A full-sized pan is rated to be able to boil about 5L of sap per hour. My fire pit ring was boiling at about 2.5L of sap per hour …. So, it was working, but not very efficiently. The other big downfall with the fire pit ring was that it generated a tonne of soot! So much that I am still finding soot marks inside the house months later!
Plan C. I replaced the fire pit ring with two high pressure propane cast-iron burners. Connecting my natural gas line directly to the propane burners does not work. Propane is stored in liquid state under high pressure, where as natural gas is usually in gas form coming from your house supply. To compensate for this difference, I needed to drill the burner inlet connectors to have a slightly larger hole so that more natural gas could go into the burner.
These two burners upped my boiling rate to about 3.1L per hour.
I setup a remote viewing station using two chairs, a book and a camera at one of my windows so that I could monitor remotely what was happening outside.
The camera feed looked like this:
I still wanted to improve my boiling rate so I decided to go with Plan D. Using an old cereal box, I traced the following shapes and cut them out.
Once I was confident that my template fit a burner perfectly, I purchased two more propane cast-iron burners. Using some old 6” diameter metal duct work that I had laying around, I flattened it and cut out holes using my template. I could then mount my four burners this way and have 2 burners per pan rather than just 1 as was the case in the previous design.
Additionally, by creating the burner holders, I was able to accurately control how close the burner would sit below the bottom of each pan.
When boiling the sap, you start with a full pan and continually add more sap as water boils and evaporates away. When you run out of sap to add, you continue to boil, but now you combine the two pans into one. At this point I slide my burner holders together and have all four burners heating the bottom of one pan. I only have one shut off valve for all four burners so I can’t just use half of them, it is all or nothing!
When the boiling process starts, the sap is clear and see-through. As the concentration builds because water is boiled away, the sap starts turning a golden color. I used a wooden spoon with notches cut into the handle to measure the depth of the sap in a pan. 0.3 inches is approximately 1L so using this conversion I can get an idea of how close I am to making syrup from sap.
A rough estimate is 40L of sap = 1L of syrup.
Once I start getting close to the 40:1 ratio, I begin moving my operation indoors for better control of the whole process. When I bring the boiled sap indoors, I filtered it before continuing the boiling process.
The creation of maple syrup is done when it reaches a temperature 7.4 degrees F above boiling water (ie ~219). When the temperature goes above 215 you need to be careful because you could boil over your syrup and make a giant mess.
When everything is done correctly, you should have a golden-brown color and a sweet syrup!
Wait until the temperature drops below 180 before filtering it one more time and then you can can/jar the results.

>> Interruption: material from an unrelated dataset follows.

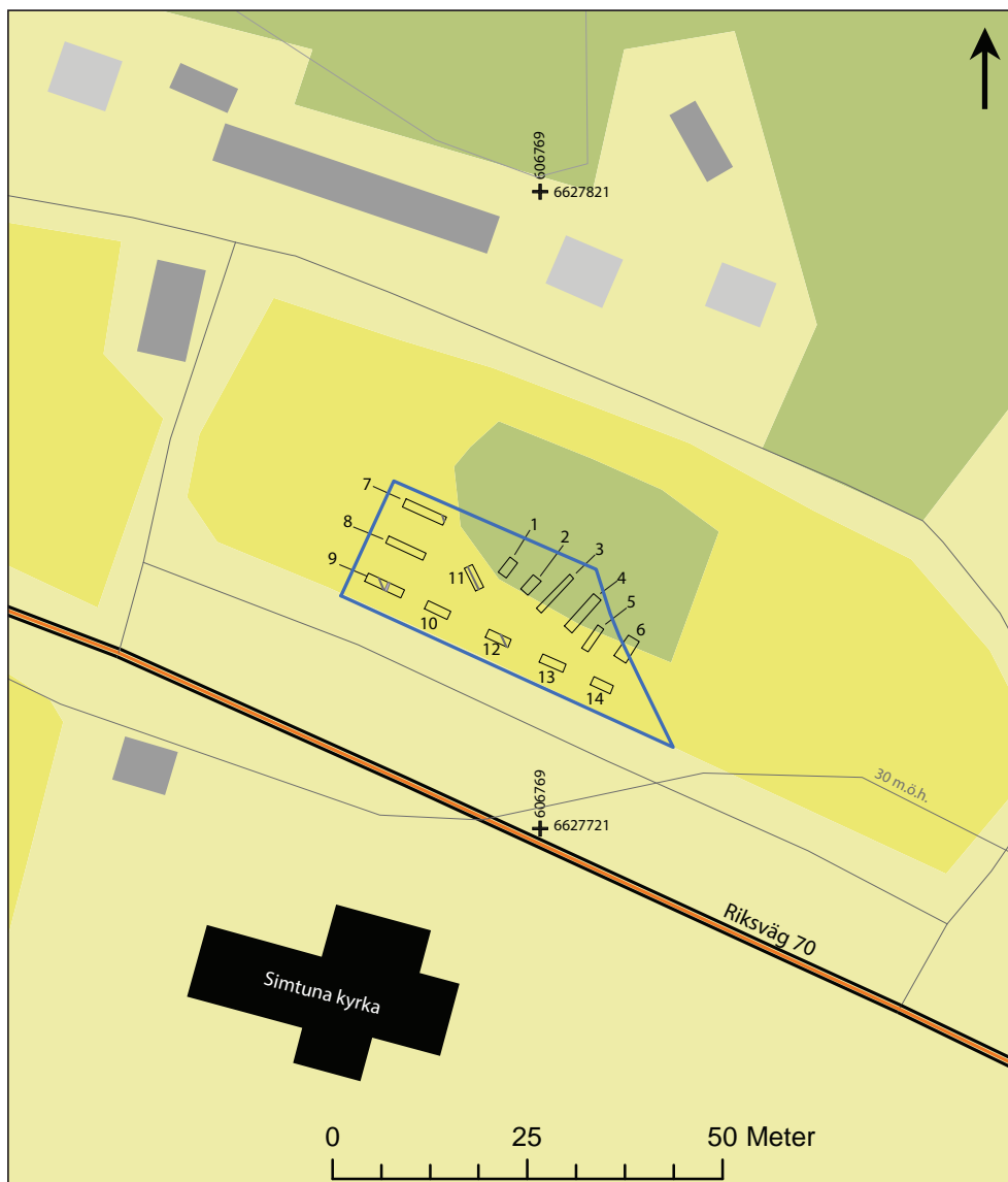
Figur 3. Schaktplan. I schakt 7, 9, 11 och 12 påträffades diken. För schaktbeskrivningar se bilaga 1. Skala 1:1000.

Ingen fornlämning påträffades vid utredningen. KM anser att ingen ny antikvarisk åtgärd fordras. Det är dock Länsstyrelsen i Uppsala län som är beslutsfattande i frågan.

In 2024, I tapped 10 of my large maple trees, but after a week I got a good feeling about which trees would produce a lot of sap, and which ones would produce a little.

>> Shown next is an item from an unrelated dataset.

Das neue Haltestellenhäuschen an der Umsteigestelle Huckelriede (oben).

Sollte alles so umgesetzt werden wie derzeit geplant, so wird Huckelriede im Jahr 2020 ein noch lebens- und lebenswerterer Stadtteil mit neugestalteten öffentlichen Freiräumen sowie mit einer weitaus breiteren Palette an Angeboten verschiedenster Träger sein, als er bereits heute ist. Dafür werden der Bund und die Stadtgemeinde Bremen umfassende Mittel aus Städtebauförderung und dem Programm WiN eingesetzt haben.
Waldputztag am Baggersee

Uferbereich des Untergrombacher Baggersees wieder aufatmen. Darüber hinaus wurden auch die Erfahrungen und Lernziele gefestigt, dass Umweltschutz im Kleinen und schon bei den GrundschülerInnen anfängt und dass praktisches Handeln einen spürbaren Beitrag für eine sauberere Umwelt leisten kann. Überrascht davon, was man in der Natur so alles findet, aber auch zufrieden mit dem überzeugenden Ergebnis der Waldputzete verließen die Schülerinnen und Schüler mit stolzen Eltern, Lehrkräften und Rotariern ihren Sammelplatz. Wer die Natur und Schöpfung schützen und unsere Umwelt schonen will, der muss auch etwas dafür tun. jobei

I disconnected the low producing trees and continued with the rest. Then in mid March, I reconnected all the trees in hopes to get as much sap as possible.

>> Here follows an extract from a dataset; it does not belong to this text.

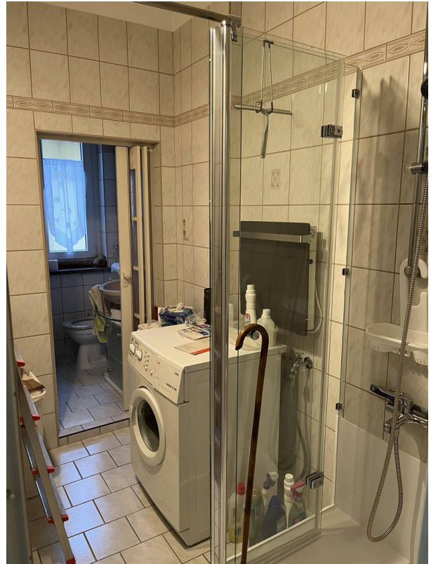
Bad EG m. Dusche und Badewanne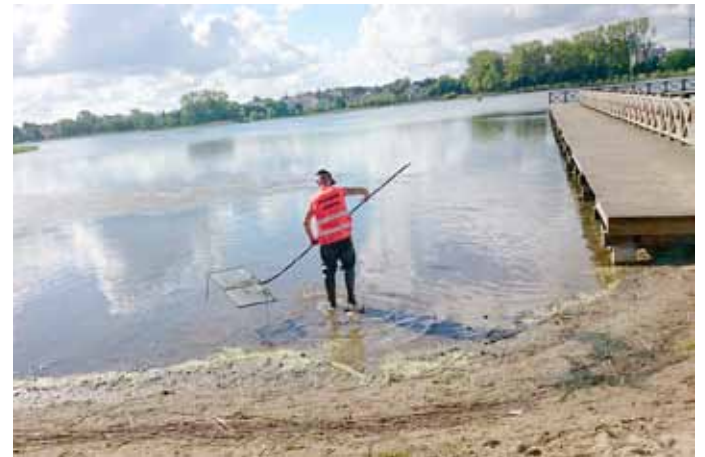
- oczyszczanie jeziora z glonów;

I waited until I had about 100L of collected sap before I would do a boil. I had help from my neighbour on my first boil because I had accumulated 200+L but wasn’t able to boil quickly since I was still iterating on my evaporator design.
I was also surprised how much sap went missing between boils. I would collect sap from my trees and measure how many litres I collected. When I boiled, I would measure how many litres went into the pans … but yet there was always many litres of sap that went missing. Did that naturally evaporate in my storage containers over the days that I was collecting?
Here is a chart showing how much sap each tree produced over the entire 2024 collection period. What is really interesting is that Tree K is the smallest diameter tree of the entire bunch. It only had 1 tap connected to it. Tree C and G had 2 taps, and tree D had 3 taps because it was the largest of the lot.
Yum!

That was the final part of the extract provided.